Background: The characterization of blood flow dynamics inside human vessels is essential for the personalised prediction and monitoring of cardiovascular risk. However, accuracy is limited by the difficulty in the estimation of parameters of clinical relevance such as the Pulse Wave Velocity (PWV). The aim of this work is to use Physics-Informed Neural Networks (PINNs) to simultaneously predict the propagation of nonlinear cross-sectional area and flow rate waves inside arterial vessels as well as to estimate the PWV using a cost-effective PINN-based one-dimensional (1D) blood flow model.
Methods: We use a first-order finite-volume Riemann solver to compute the ground truth solution of cross-sectional area a(x,t), flow rate q(x,t) and pressure p(x,t) inside an elastic artery, given a predefined value of the PWV. We then developed a PINN using initial, boundary and vessel midpoint data to estimate the real value of PWV, as well as area and flow rate values. Regarding the neural network hyperparameter selection, we choose alpha=0.001 for the Adam optimizer and 10 layers of 10 neurons each with activation function tanh.

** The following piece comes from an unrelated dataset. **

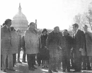 鄧小平副總理1979年1月30日在華盛頓同美國參議員們共進午餐。圖為議員們在參議院門外熱情迎接。

Results: Results reveal that, when departing from in-silico data derived from the 1D hemodynamic model, highly precise estimates of the PWV (errors of 4% ± 2.5%) and accurate area and flow rate wave propagation predictions (errors of ± 2%) can be obtained.
Conclusions: We conclude that using only blood flow velocity data pertaining exclusively to one virtual single sensor affixed to the vessel's midpoint, it is possible to obtain accurate estimates of the PWV, as opposed to previous approaches that require extensive 3D flow simulation data and the prior knowledge of the PWV.